Turturro and Roth were friends for a quarter century, and he has explained that he wanted to adapt this book to honor Roth, who died in 2018, and also because he found its depictions of “haunted” grief, in which “the dead are as real to you as the living,” deeply moving. The problem with that is, Sabbath’s Theater—one of the major novels of the last century and a pinnacle of Roth’s formidable oeuvre—doesn’t really lend itself to such purposes. It isn’t a tender or wholesome book friendly to commemorative sentiment, or display of wholesome feelings. It’s rather a breathtakingly bravura, tactically insincere performance of moral defiance and reflective wandering, swollen with id, sperm, and comic effrontery—more akin to Joyce’s Ulysses, Rabelais’s Gargantua and Pantagruel, and Goethe’s Faust than to any naughty-mouthed social novel like Portnoy’s Complaint, with which it’s often compared.
Mickey Sabbath is much more than a cranky, middle-aged Portnoy. He’s sex-obsessed and hilariously uninhibited, sure, but he’s also bottomlessly self-involved and utterly asocial, an inexhaustible fount of appetite and inspired derision akin to flagrantly monstrous negators like Mephistopheles and Marquis de Sade. His blithe indifference to consequences is what gives his character scale, diabolical majesty, and enduring shock value, and that subversiveness proves to be Turturro’s stumbling block. This inescapably sincere actor is primarily interested in human questions of personality and interpersonal relations. And in celebrating his friend—a quintessentially social act. This is no doubt the reason why his show feels so anomalously wholesome, despite its frontal nudity, simulated masturbation, and 100 minutes of raunchy crosstalk. It’s essentially a domesticated Mickey.

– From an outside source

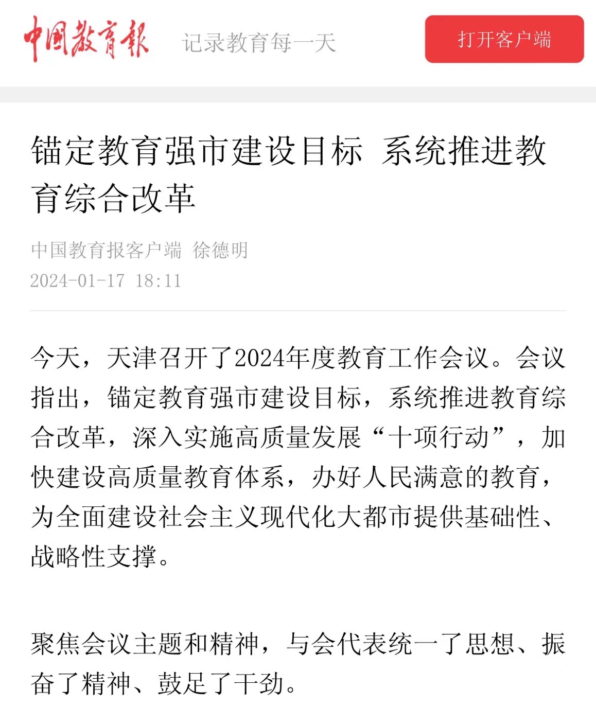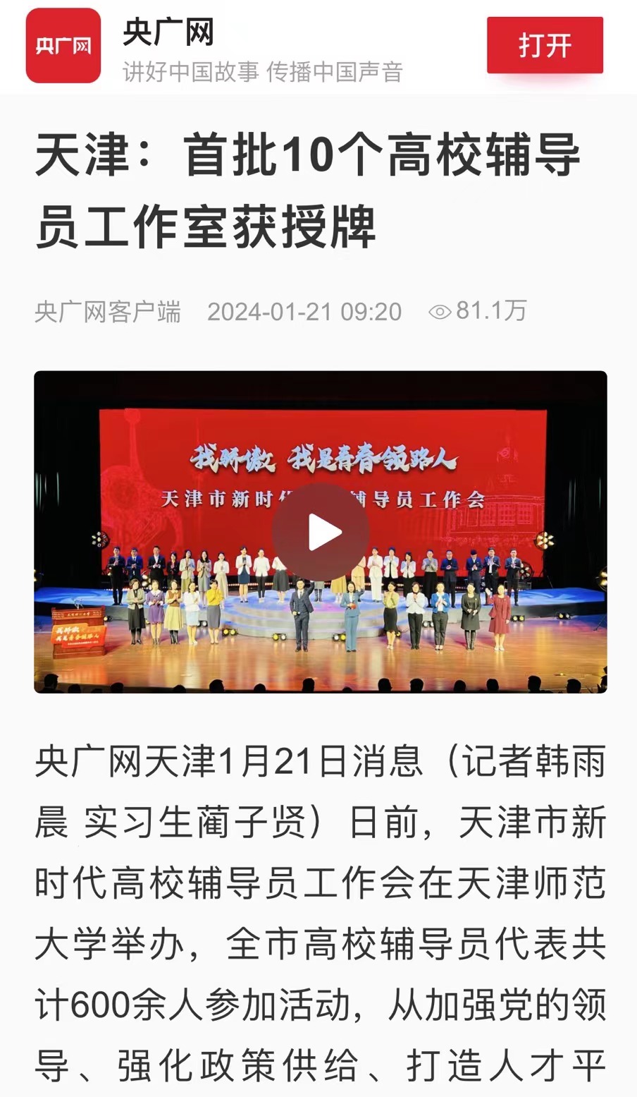 央广网天津1月21日消息(记者韩雨晨 实习生蔺子贤)日前,天津市新时代高校辅导员工作会在天津师范大学举办,全市高校辅导员代表共计600余人参加活动,从加强党的领导、强化政策供给、打造人才平台、改革评价机制、完善辅导员职业发展体系和岗位晋升制度、着力打造高素质专业化职业化辅导员队伍等方面介绍经验做法。辅导员是开展大学生思想政治教育的骨干力量,是学生日常思想政治教育和管理工作的组织者、实施者和指导者。在“我骄傲,我是青春领路人”分享环节,全国辅导员年度人物、全国高校网络教育名师、天津市十佳辅导员、天津市优秀辅导员、天津市高校辅导员工作室主持人代表,围绕“陪伴是最长情的告白”“守护是最温暖的承诺”“领航是最执着的追求”三个单元进行分享讲述。此外,为推进高校辅导员队伍专业化、职业化建设,探索适应天津市高校学生思想政治教育规律的辅导员工作室建设机制、方法。天津市围绕大学生思想理论教育和价值引领、心理健康教育、辅导员素质能力提升等建设方向,培育建设一批精品辅导员工作室,并遴选出“亦心”工作室等10个首批天津市普通高校辅导员工作室。会上,全体辅导员进行庄严宣誓,并为首批天津市普通高校辅导员工作室授牌

Turturro adapted the book in collaboration with the New Yorker staff writer Ariel Levy, and he is the main performer. The show is produced by The New Group and directed by Jo Bonney. The action takes place on a spare set designed by Arnulfo Maldonado, consisting mainly of simple furniture pieces, prop shelves at the sides, and plain curtains used as screens for imaginative projections designed by Alex Basco Koch. Two other actors share the stage: Elizabeth Marvel, who plays all the women, and Jason Kravits, who plays Sabbath’s old friend and producer Norman, his ancient cousin Fish, and other male roles. All of these are fine performers, with charisma and transformative talent that could hold any audience for a few hours. What they can’t do, alas, is compensate for the lacunae in a drama gleaned primarily from this novel’s caper-like plot and quippy dialogue passages. That won’t capture the heedless, pants-down, screw-everything seductive force of Roth’s rushing stream of thought.

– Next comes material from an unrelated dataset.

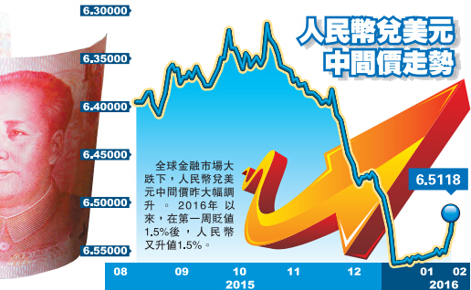 【香港商报网讯】记者锺侠报道:昨日是内地猴年首个交易日,在全球金融市场大跌背景下,人行将人民币兑美元中间价大幅上调至6.5118,此举意味人民币汇率较节前收盘水平价涨近1%,创1月4日来最高水平。与此同时,离岸、在岸人民币汇率双双涨破6.50,在岸人民币盘中最高涨至6.4880,较前收盘价涨1.35%,创2005年来最大涨幅。市场普遍认为,除美元等外部因素外,人行行长周小川就人民币汇率的表态是此番人民币升值的重要原因,未来一段时间人民币汇率保持稳定或是主基调。

The play follows Mickey through his putative end-of-life identity crisis and bout with despair. The 64-year-old Jewish ex-puppeteer, once notorious in New York City for his sexually provocative street performances, fled upstate in the 1960s after his first wife Nikki disappeared. Thirty years later, he is unemployed and disgraced due to a sexual harassment scandal at the college where he taught, locked in a cycle of mutual loathing with his second wife, alcoholic Roseanne, and grieving the death from cancer of his longtime lover Drenka—the Croatian wife of a local innkeeper who was his sexually voracious soul-mate for the last 13 years.
Onstage, he has hot sex with Drenka, chats with the ghost of his dead mother, masturbates on Drenka’s grave, remembers Nikki and his beloved older brother Morty (a pilot killed in WW II), and has a few other reflective moments, yet most of the time he careens through the novel’s antic episodes. After learning of an old producer-friend’s death by suicide, he heads to New York for the funeral and stays with the dead friend’s partner Norman, a wealthy, generous, and gracious man genuinely concerned about his mental state. Then he hits on Norman’s wife, rifles his daughter’s underwear, and steals money from the apartment. He also accosts a young woman on the subway who reminds him of Nikki, begs for coins while reciting Shakespeare, and heads to the Jersey shore town where he grew up. There he buys himself a grave at the run-down Jewish graveyard, finds an unexpected box of Morty’s stuff in the house of his aged cousin Fish, and drapes himself, nude, in the American flag that once draped his brother’s casket, as if preparing to commit suicide. Anyone paying attention knows that won’t happen.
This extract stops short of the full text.